┌─ Data for analysis

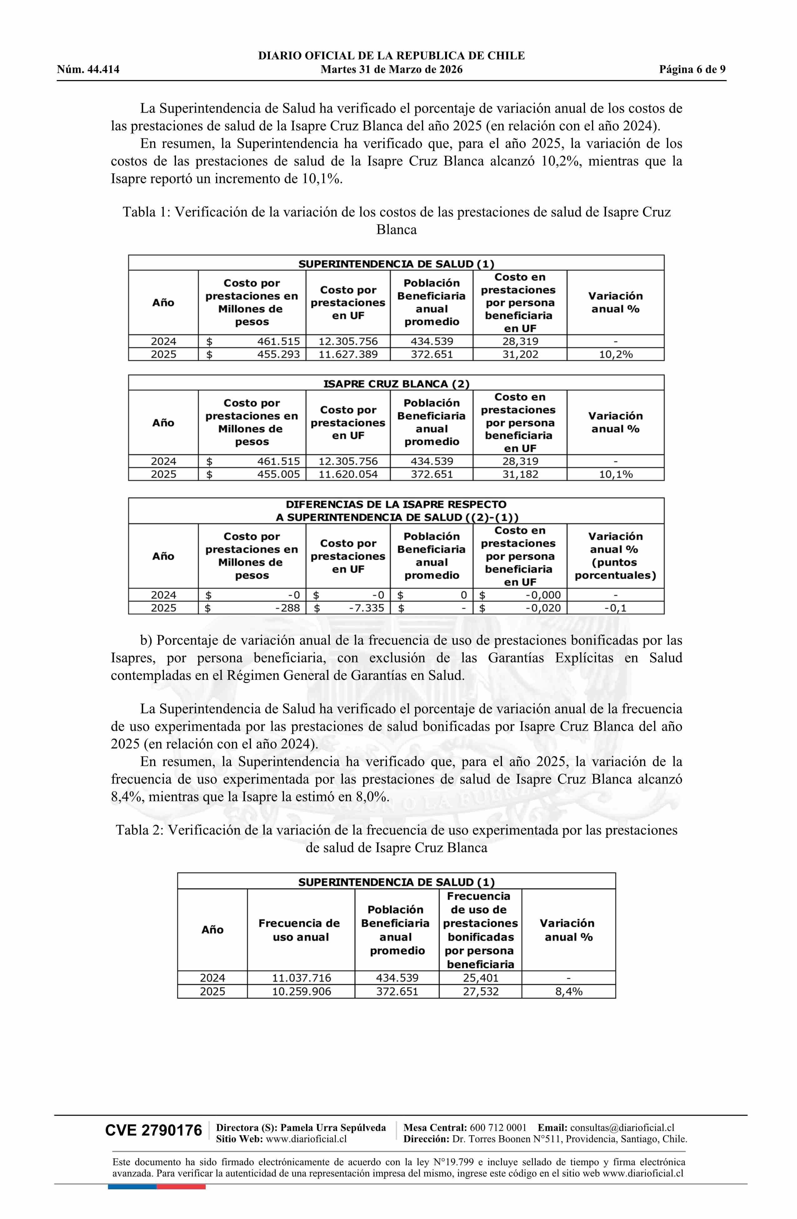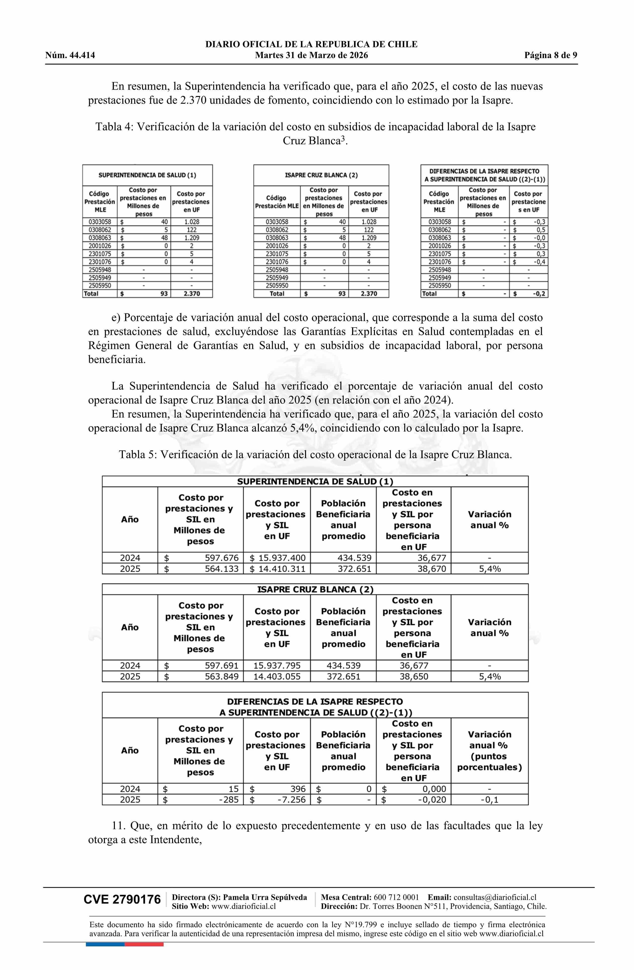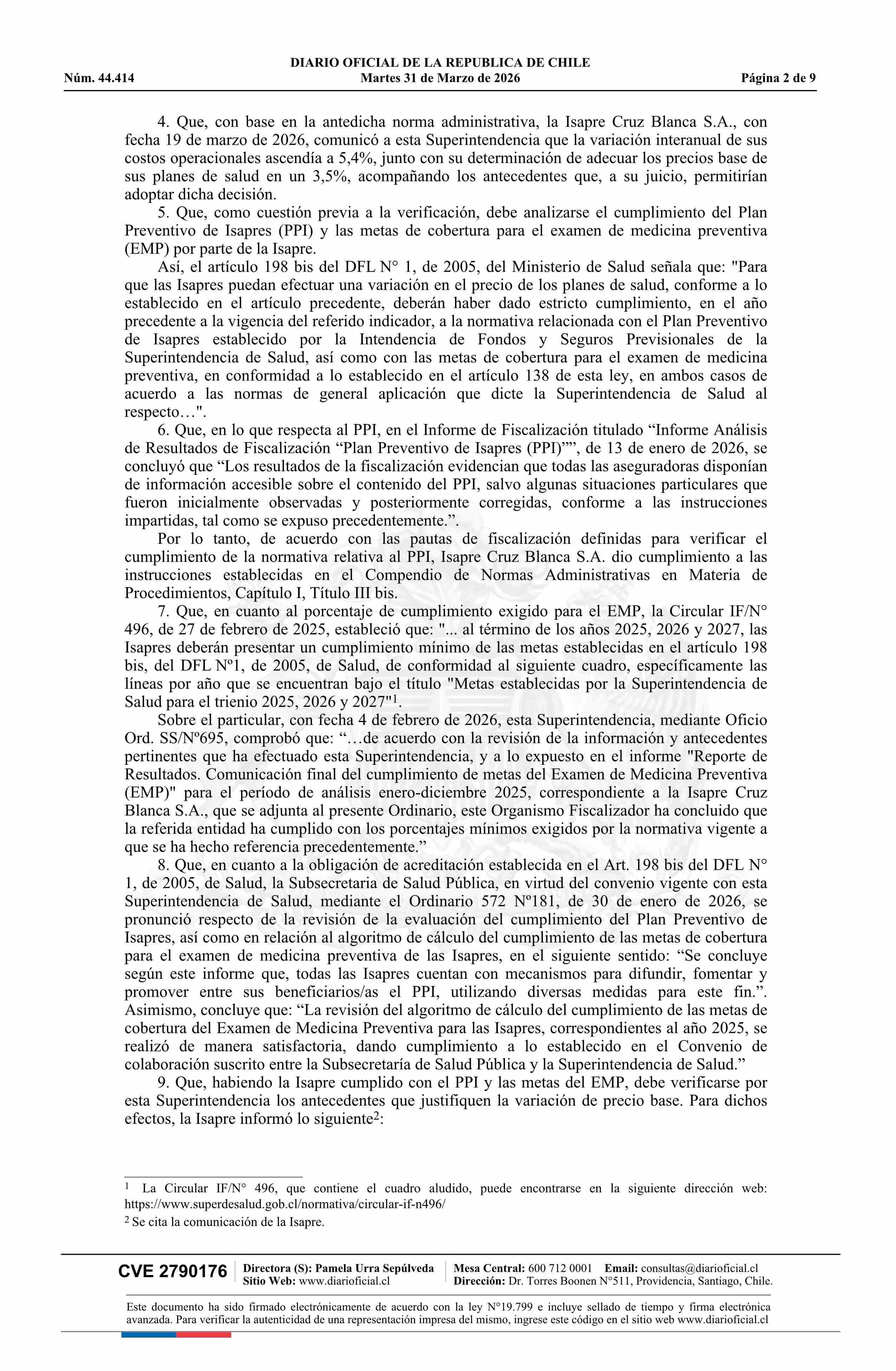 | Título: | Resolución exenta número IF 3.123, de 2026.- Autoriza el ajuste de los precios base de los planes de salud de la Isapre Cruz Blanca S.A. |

└─
┌─ Data for analysis

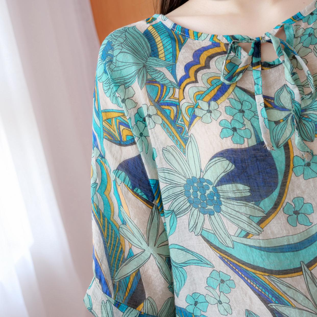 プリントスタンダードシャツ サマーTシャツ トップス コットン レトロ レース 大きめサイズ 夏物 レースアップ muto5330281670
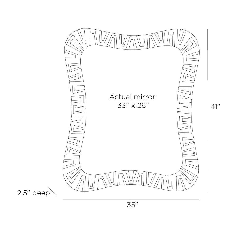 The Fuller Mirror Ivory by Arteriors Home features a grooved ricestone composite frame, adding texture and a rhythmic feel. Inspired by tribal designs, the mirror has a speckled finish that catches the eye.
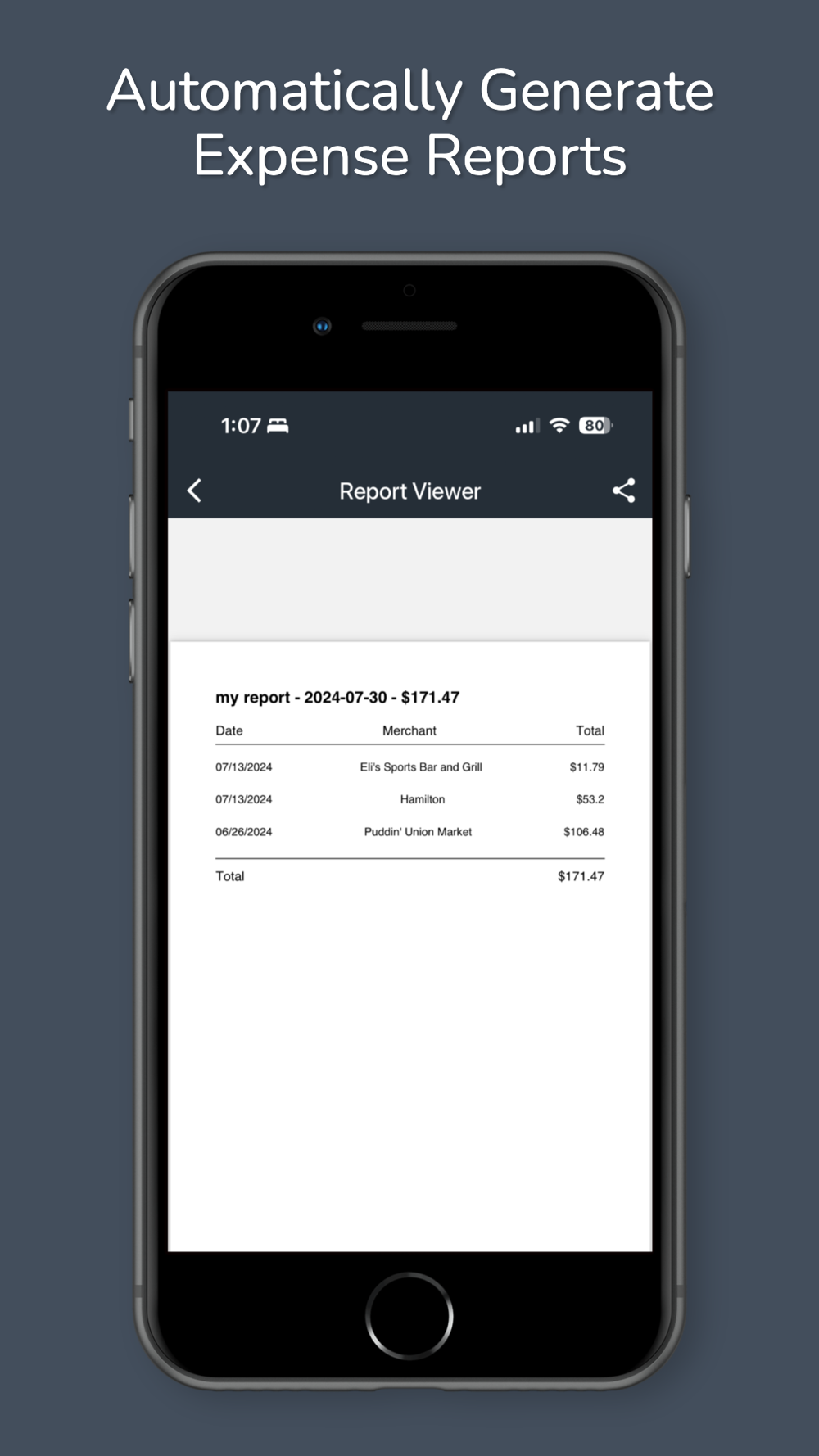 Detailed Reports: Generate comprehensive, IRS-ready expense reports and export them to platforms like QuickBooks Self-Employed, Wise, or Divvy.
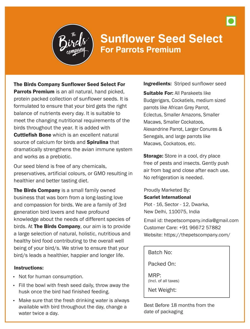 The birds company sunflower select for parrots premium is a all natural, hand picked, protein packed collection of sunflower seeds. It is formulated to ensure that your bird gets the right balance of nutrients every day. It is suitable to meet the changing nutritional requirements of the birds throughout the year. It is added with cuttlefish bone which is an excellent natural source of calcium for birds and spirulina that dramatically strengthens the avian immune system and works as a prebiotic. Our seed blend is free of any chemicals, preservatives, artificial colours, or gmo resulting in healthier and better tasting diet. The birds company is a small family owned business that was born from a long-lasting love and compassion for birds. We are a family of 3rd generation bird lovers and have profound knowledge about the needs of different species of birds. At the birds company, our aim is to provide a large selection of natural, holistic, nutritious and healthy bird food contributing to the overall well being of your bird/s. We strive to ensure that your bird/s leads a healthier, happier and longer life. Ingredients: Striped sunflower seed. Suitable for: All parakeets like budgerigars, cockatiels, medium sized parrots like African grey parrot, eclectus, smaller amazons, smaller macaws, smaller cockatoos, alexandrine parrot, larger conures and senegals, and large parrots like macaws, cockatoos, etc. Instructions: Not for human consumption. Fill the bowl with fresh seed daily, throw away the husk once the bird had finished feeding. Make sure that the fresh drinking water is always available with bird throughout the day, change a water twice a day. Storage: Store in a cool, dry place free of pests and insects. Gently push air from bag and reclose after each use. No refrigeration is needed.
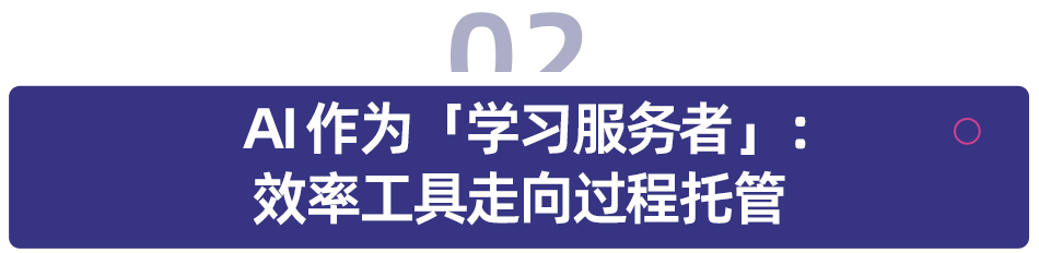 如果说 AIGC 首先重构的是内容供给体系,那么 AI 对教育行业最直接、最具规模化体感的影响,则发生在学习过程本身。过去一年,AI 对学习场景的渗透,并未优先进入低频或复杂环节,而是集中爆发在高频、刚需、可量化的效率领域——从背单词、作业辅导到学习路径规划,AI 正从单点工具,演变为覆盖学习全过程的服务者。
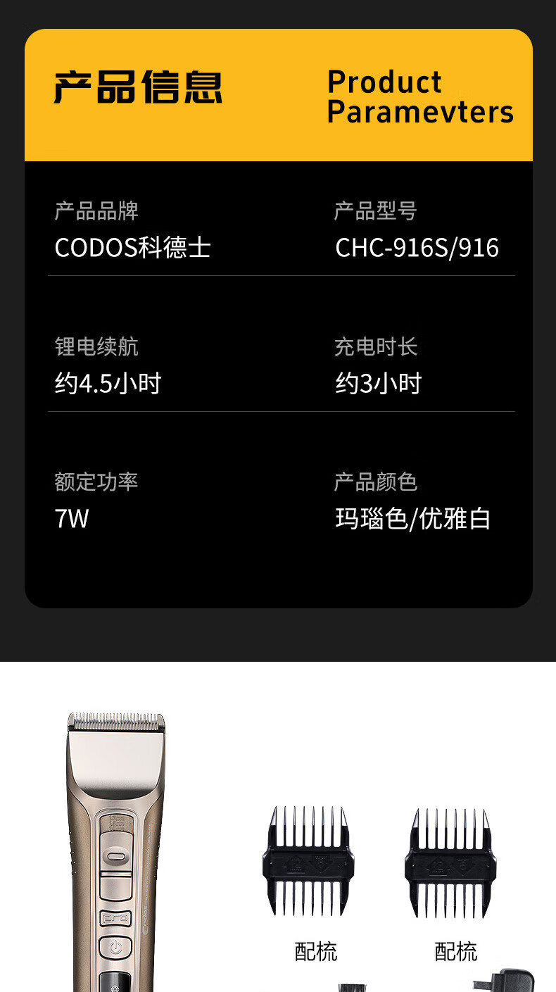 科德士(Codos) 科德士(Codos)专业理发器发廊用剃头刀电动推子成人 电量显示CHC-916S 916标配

└─
┌─ Data for analysis

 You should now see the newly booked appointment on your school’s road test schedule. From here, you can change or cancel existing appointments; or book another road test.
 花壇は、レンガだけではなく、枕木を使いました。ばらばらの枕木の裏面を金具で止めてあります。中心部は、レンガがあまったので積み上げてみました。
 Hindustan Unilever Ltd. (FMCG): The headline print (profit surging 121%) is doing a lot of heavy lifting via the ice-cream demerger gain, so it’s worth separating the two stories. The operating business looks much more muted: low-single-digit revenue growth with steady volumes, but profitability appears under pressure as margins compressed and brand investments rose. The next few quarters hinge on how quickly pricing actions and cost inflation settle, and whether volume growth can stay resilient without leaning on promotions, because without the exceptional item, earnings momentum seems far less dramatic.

└─

**Problem statement**
Both the line above containing "プリントスタンダードシャツ サマーTシャツ トップス" and the line containing "Detailed Reports: Generate" belong in the copy, along with every line between them; print these exactly and omit the pictures.

**Problem solution**
 プリントスタンダードシャツ サマーTシャツ トップス コットン レトロ レース 大きめサイズ 夏物 レースアップ muto5330281670
 The Fuller Mirror Ivory by Arteriors Home features a grooved ricestone composite frame, adding texture and a rhythmic feel. Inspired by tribal designs, the mirror has a speckled finish that catches the eye.
 Detailed Reports: Generate comprehensive, IRS-ready expense reports and export them to platforms like QuickBooks Self-Employed, Wise, or Divvy.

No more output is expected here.